Work required: Would you return every entry below exactly as written, without its images?

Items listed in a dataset
----

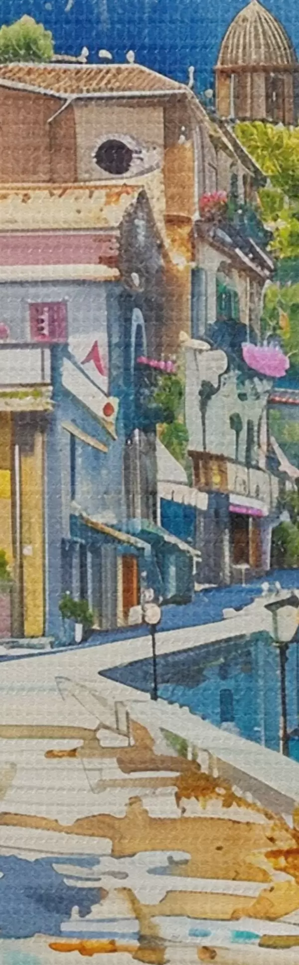 Drobny splot nici na tym płótnie przypomina powierzchnię profesjonalnych płócien artystycznych.
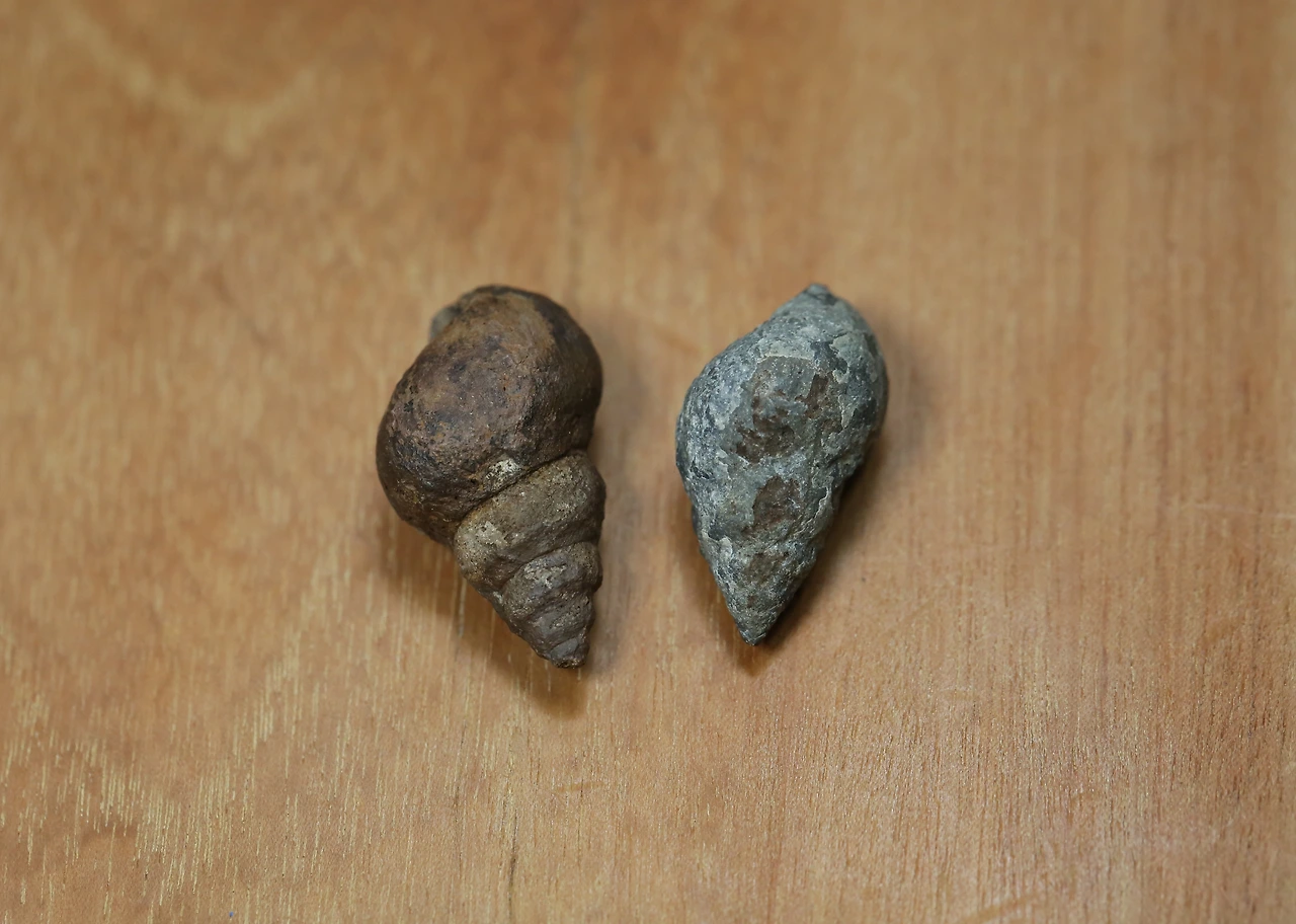 유삼각 조개 오른쪽에 현생 다슬기 비슷한 것이 보입니다.
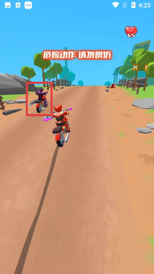 3、行驶中会遇到方框内【摩托对手】,靠近他将会触发攻击,将其击败争取更高排名。
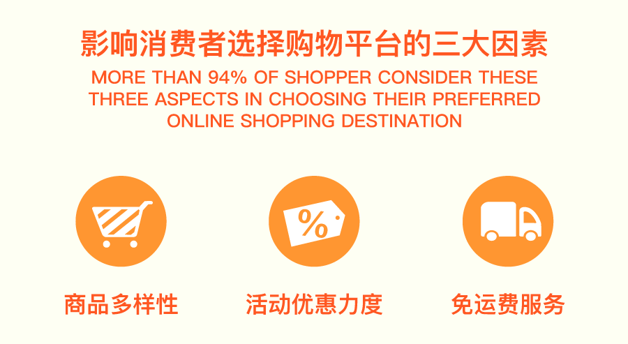 调查发现,超过94%受访者认为有三大因素影响他们对网购平台的选择,分别是商品的多样性、活动优惠力度以及免运费的服务。
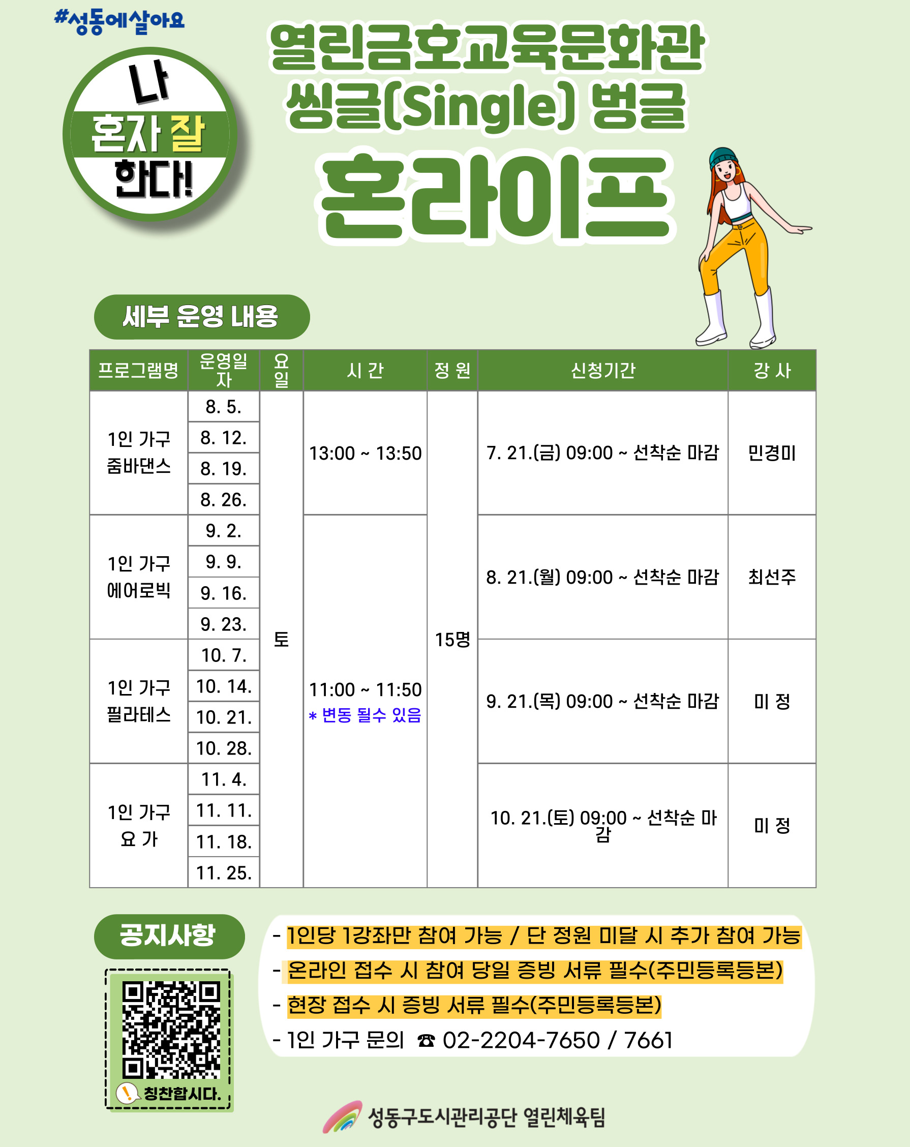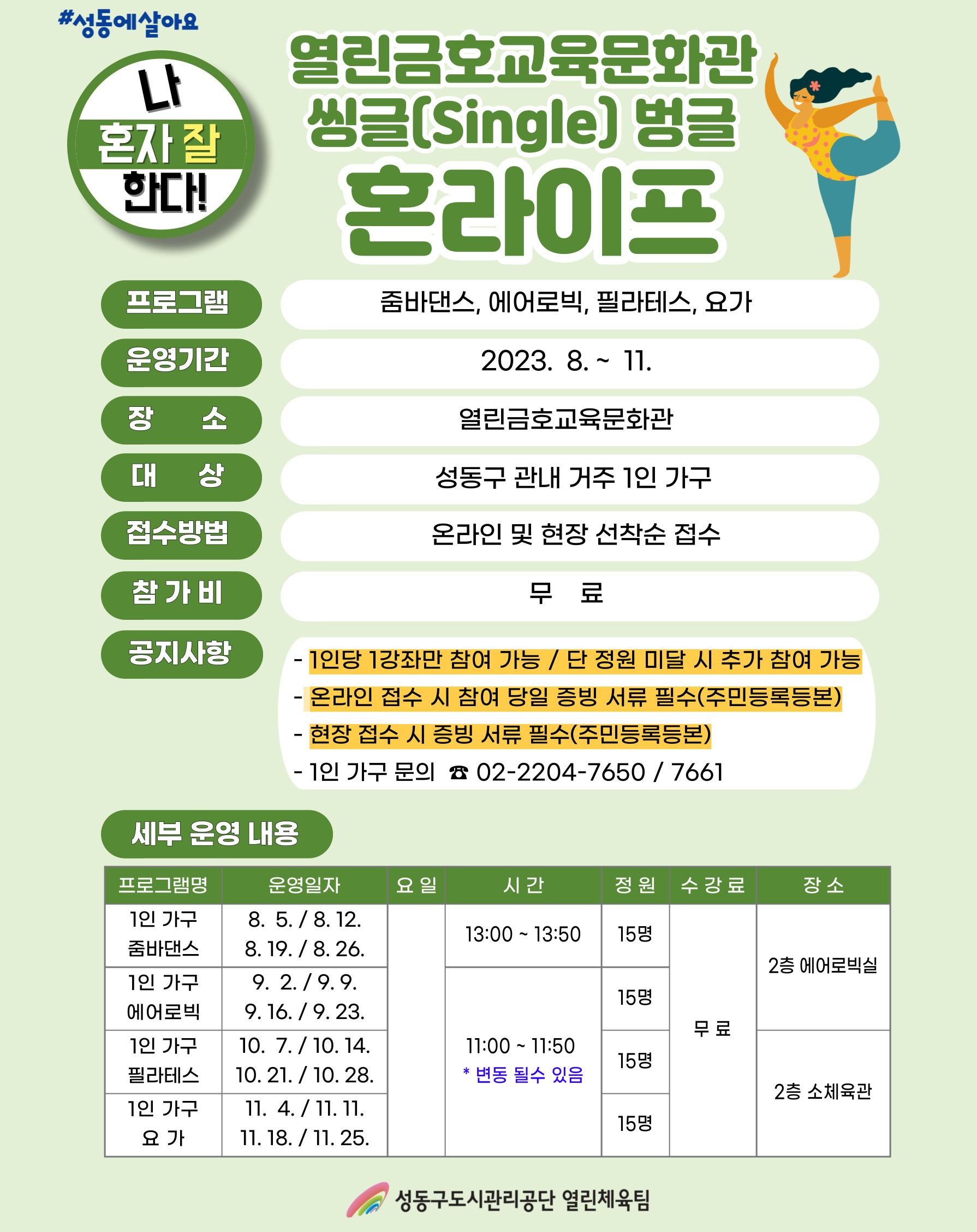 [열린금호교육문화관] 나 혼자 잘한다! 씽글(Single)벙글 혼라이프 작성자 관리자 등록일자 2023년 7월 19일 9시 10분 25초 조회 529 001.jpg [ Size : 592.41KB , Down : 304 ] 미리보기 다운로드 002.jpg [ Size : 559.78KB , Down : 289 ] 미리보기 다운로드 목록보기

----

Result of the task:
 Drobny splot nici na tym płótnie przypomina powierzchnię profesjonalnych płócien artystycznych.
 유삼각 조개 오른쪽에 현생 다슬기 비슷한 것이 보입니다.
 3、行驶中会遇到方框内【摩托对手】,靠近他将会触发攻击,将其击败争取更高排名。
 调查发现,超过94%受访者认为有三大因素影响他们对网购平台的选择,分别是商品的多样性、活动优惠力度以及免运费的服务。
 [열린금호교육문화관] 나 혼자 잘한다! 씽글(Single)벙글 혼라이프 작성자 관리자 등록일자 2023년 7월 19일 9시 10분 25초 조회 529 001.jpg [ Size : 592.41KB , Down : 304 ] 미리보기 다운로드 002.jpg [ Size : 559.78KB , Down : 289 ] 미리보기 다운로드 목록보기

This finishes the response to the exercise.